(Saved entries)

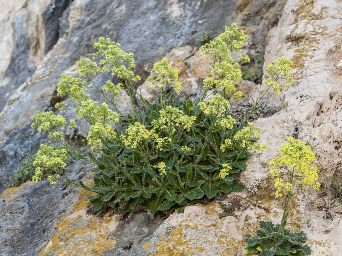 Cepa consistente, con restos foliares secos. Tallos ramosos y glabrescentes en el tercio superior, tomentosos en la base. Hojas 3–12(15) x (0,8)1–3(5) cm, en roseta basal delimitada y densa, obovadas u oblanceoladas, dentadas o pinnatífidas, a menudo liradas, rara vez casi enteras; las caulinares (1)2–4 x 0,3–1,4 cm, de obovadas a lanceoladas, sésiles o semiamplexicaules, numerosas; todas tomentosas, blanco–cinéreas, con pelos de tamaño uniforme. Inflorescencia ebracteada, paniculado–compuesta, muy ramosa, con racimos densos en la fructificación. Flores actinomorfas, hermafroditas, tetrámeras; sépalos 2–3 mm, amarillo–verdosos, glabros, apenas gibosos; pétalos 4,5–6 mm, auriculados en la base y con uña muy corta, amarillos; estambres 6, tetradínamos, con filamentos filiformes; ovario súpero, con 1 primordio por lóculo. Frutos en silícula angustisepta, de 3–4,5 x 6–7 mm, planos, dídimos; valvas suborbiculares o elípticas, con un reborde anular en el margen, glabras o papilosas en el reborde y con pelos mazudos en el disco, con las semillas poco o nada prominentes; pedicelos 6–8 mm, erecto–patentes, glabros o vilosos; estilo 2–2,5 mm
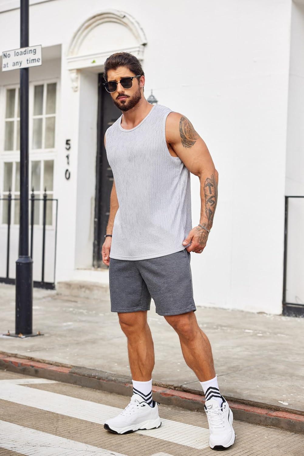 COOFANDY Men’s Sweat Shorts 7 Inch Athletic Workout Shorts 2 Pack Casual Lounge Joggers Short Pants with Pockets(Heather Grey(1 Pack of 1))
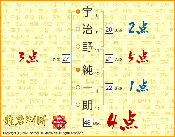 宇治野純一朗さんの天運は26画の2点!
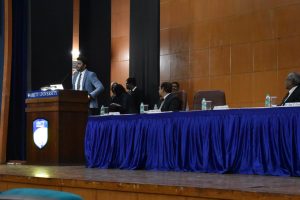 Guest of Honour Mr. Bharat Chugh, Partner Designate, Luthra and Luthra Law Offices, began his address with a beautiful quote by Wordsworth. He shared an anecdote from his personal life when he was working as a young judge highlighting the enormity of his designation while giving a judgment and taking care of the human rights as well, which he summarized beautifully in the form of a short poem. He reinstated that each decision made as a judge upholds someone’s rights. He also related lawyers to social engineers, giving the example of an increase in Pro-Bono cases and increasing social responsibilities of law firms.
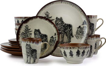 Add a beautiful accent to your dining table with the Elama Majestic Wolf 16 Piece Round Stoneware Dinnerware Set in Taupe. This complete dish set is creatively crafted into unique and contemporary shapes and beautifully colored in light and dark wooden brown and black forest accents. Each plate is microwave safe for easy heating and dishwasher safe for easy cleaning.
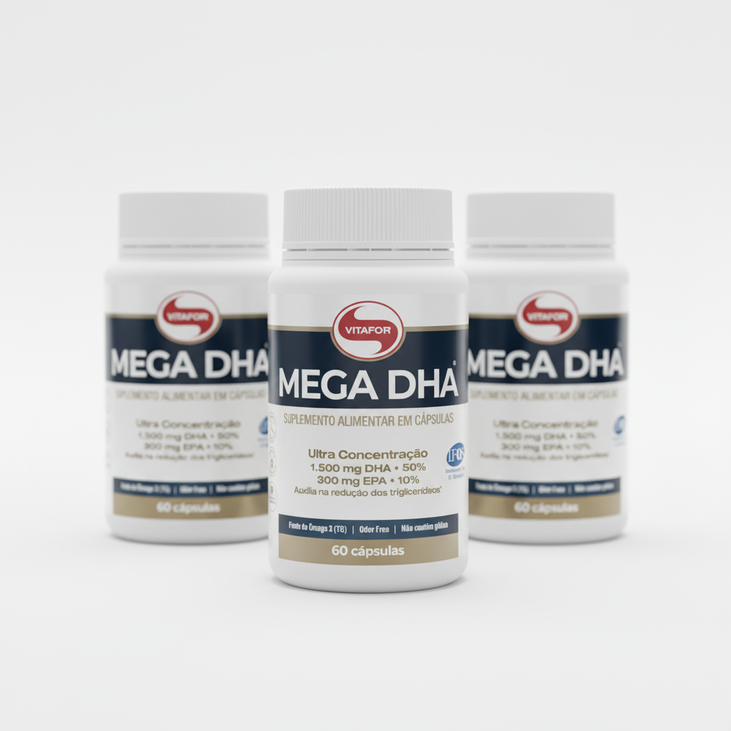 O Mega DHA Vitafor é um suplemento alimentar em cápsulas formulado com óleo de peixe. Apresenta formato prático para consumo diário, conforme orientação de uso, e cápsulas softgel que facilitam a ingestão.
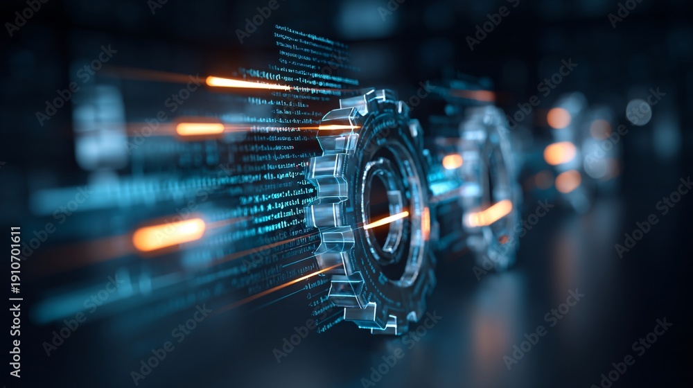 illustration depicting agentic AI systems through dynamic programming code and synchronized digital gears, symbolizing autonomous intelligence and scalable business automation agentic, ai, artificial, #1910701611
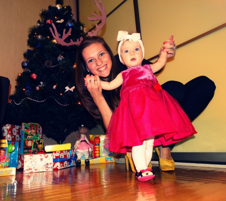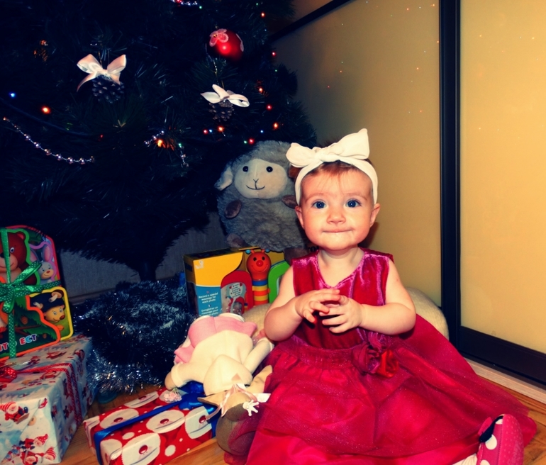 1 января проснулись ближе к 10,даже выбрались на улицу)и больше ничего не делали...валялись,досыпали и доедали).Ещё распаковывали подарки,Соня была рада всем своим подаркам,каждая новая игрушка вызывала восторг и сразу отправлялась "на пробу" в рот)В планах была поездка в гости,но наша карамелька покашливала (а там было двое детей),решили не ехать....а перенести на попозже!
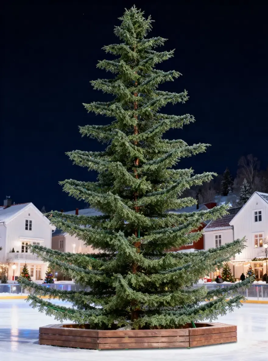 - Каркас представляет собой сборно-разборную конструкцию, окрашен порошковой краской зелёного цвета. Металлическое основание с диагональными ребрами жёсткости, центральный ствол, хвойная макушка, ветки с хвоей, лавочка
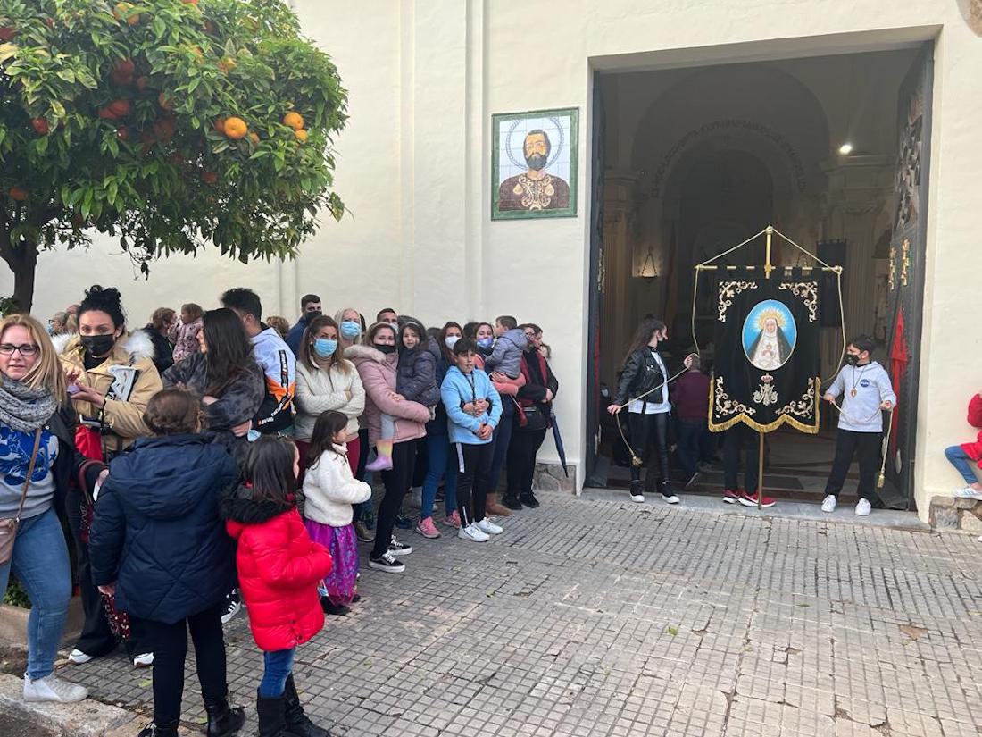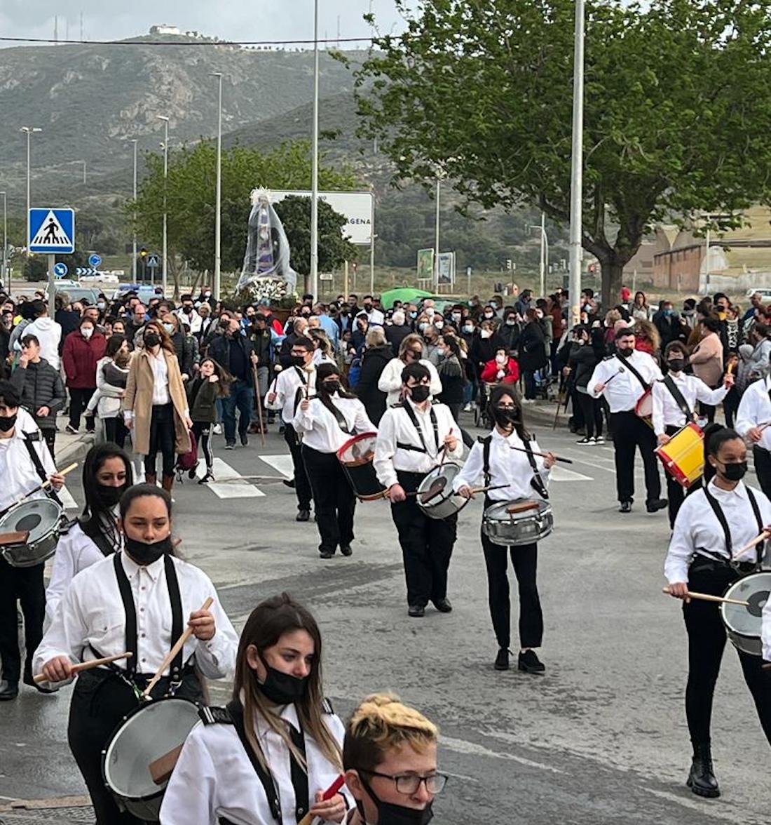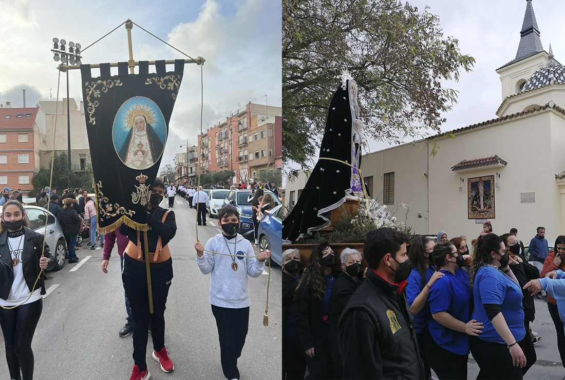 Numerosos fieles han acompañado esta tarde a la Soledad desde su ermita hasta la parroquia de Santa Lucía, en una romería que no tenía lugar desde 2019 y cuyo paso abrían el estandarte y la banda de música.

Brief: All that is required is the lines from the line containing "illustration depicting agentic" through the end of the records above, copied exactly, and none of the pictures.

Result below:
 illustration depicting agentic AI systems through dynamic programming code and synchronized digital gears, symbolizing autonomous intelligence and scalable business automation agentic, ai, artificial, #1910701611
 1 января проснулись ближе к 10,даже выбрались на улицу)и больше ничего не делали...валялись,досыпали и доедали).Ещё распаковывали подарки,Соня была рада всем своим подаркам,каждая новая игрушка вызывала восторг и сразу отправлялась "на пробу" в рот)В планах была поездка в гости,но наша карамелька покашливала (а там было двое детей),решили не ехать....а перенести на попозже!
 - Каркас представляет собой сборно-разборную конструкцию, окрашен порошковой краской зелёного цвета. Металлическое основание с диагональными ребрами жёсткости, центральный ствол, хвойная макушка, ветки с хвоей, лавочка
 Numerosos fieles han acompañado esta tarde a la Soledad desde su ermita hasta la parroquia de Santa Lucía, en una romería que no tenía lugar desde 2019 y cuyo paso abrían el estandarte y la banda de música.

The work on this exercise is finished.